Tedavisinde konsensus yoktur. Lokal antibiyotikler, dezenfektanlar, probiyotikler ve immün modülatörler önerilmektedir.
Laktobasil, Bifidobakterium ve Saccharomyces’in gebelikte kullanımının güvenli olup olmadığını araştırılmıştır. Probiyotik grubunda, sezaryen sectio oranı, doğum ağırlığı, gebelik haftası için fark görülememiştir ve hiç malformasyon saptanmamıştır. Gebeliğin geç dönemlerinde ve erken yenidoğan döneminde, Laktobasil ve bifidobakterinin diet desteği olarak verilmesi iyi tolere edilmiştir ve olumsuz etki görülmemiştir.
IVF uygulamalarında başarı oranını artırmak ve gebelik sonuçlarını olumlu etkilemek için IVF sikluslu hastalarda anormal vaginal mikroflora kontrolü amacıyla laktobasil ile probiyotik tedavi denenmektedir.
Probiyotikler, canlı mikroorganizmalardır. Patojenleri öldürüp, immün cevabı modülasyonu ile erken travay ve doğumun önlenmesinde yararları gösterilmiştir. Probiyotikleri etkisi multifaktöryeldir.

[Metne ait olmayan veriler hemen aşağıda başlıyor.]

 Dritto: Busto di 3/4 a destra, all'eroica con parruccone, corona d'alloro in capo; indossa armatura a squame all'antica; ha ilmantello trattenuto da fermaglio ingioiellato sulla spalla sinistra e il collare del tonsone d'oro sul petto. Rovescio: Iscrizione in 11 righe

Laktik asid, bakteriosin ve hidrojen peroksit üretimi önemlidir ve immünite modülasyonu bir başka etki mekanizmasıdır. Laktobasilin oral veya vaginal kullanımı, urogenital enfeksiyonları önlemede ve tedavide etkili bulunmuştur.

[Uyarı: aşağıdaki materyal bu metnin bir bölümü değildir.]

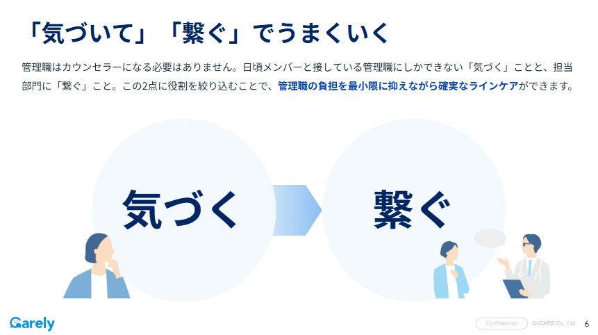 うまくいくラインケアのコツは、管理職の役割を「気づいて、繋ぐ」だけに絞ること。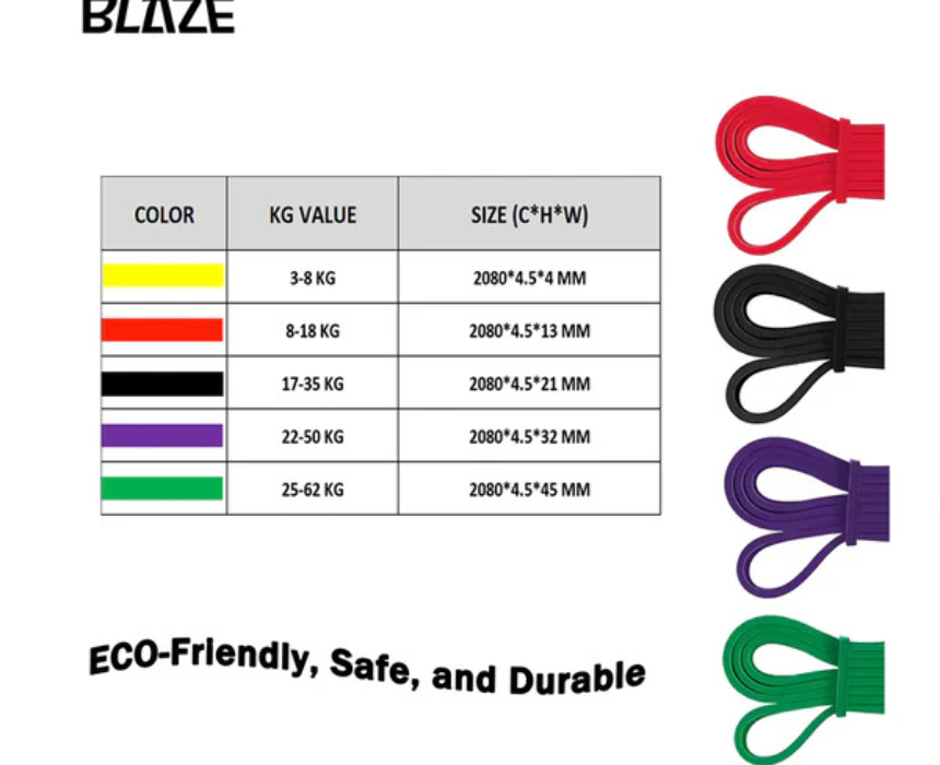 Blaze Latex Resistance Bands are high-quality long-loop training bands designed for strength, mobility, and full-body conditioning, ideal for warm-ups, assisted pull-ups, powerlifting, and rehabilitation. Made from durable latex, they are available in five resistance levels ranging from 3 to 62 kg, each measuring 2080 mm in length with varying widths for progressive resistance. Used by looping around hands, feet, or anchor points, they fit seamlessly into gym, home, or outdoor workouts.

CDC ve UK Drug and Therapeutics Bulletin, yüksek riskli gebeliklerde bakteriyel vaginosis için tarama ve tedavi yapılmasını önermektedir. Antimikrobial tedavi oldukça etkilidir ama ilaç direnci önemli bir sorundur. Ayrıca ilaçların koruyucu vaginal florayı bozucu etkileri vardır. Antibiyotikler, çarpıntı, flush, kusma, diyare, karın ağrısı, baş ağrısı ve baş dönmesi gibi yan etkileri vardır. Gebelik sırasında normal vagen florasını ve asiditesini yeniden oluşturan sistemik etkileri olmayan bir tedavi seçimi avantajlı olabilir.